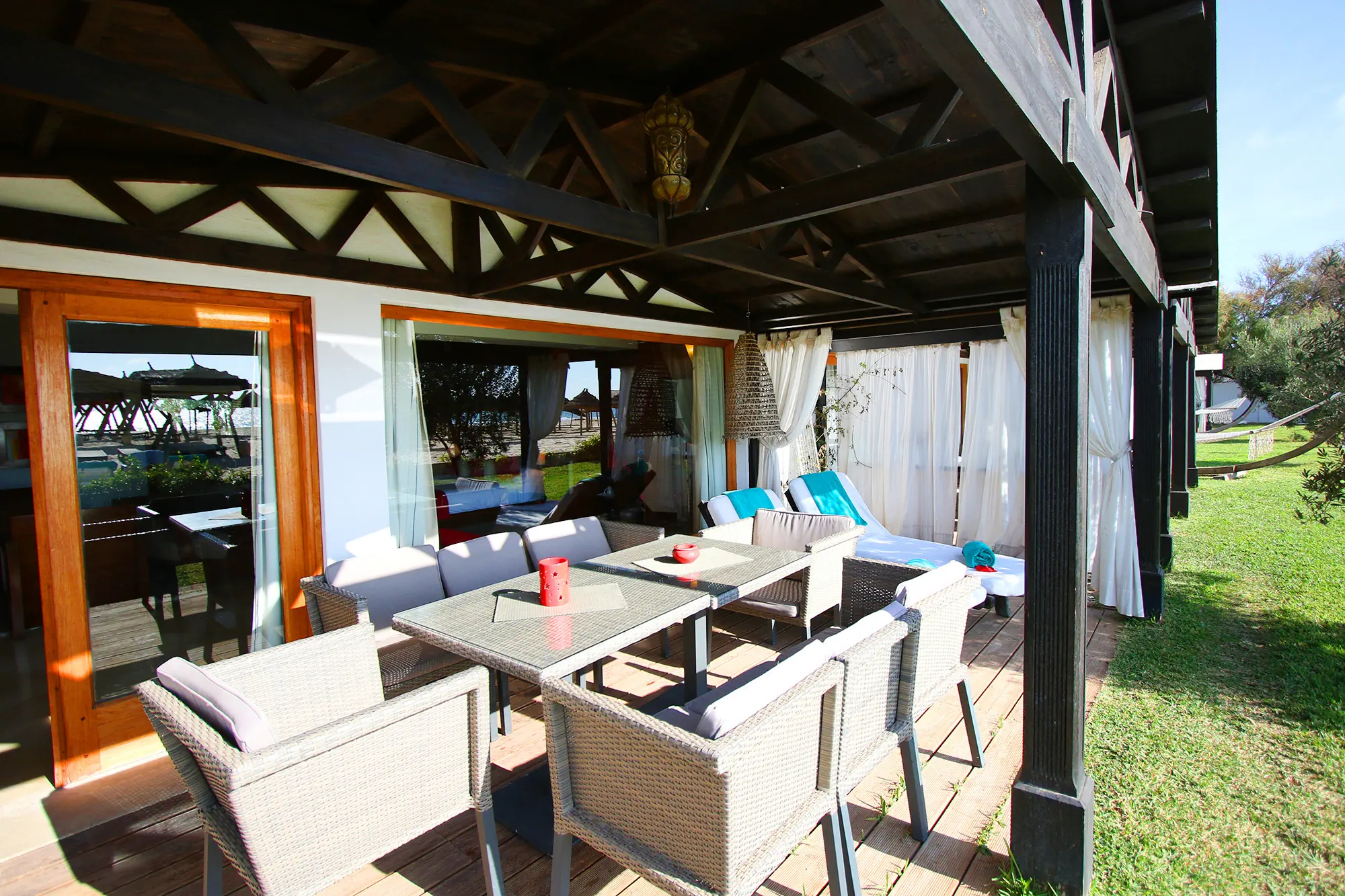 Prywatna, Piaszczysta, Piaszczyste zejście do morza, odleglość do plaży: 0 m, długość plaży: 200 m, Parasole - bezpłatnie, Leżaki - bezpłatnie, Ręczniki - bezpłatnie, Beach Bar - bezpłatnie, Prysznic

* * *

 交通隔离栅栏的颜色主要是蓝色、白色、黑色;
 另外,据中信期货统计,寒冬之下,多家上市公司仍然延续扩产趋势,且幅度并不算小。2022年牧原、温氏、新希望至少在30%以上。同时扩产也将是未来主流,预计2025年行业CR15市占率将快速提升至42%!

### THE PROBLEM
For this exercise, output exactly the lines above from the line with "交通隔离栅栏的颜色主要是蓝色、白色、黑色;" to the line with "另外,据中信期货统计,寒冬之", counting both, and leave out the rest.

### YOUR RESPONSE
 交通隔离栅栏的颜色主要是蓝色、白色、黑色;
 另外,据中信期货统计,寒冬之下,多家上市公司仍然延续扩产趋势,且幅度并不算小。2022年牧原、温氏、新希望至少在30%以上。同时扩产也将是未来主流,预计2025年行业CR15市占率将快速提升至42%!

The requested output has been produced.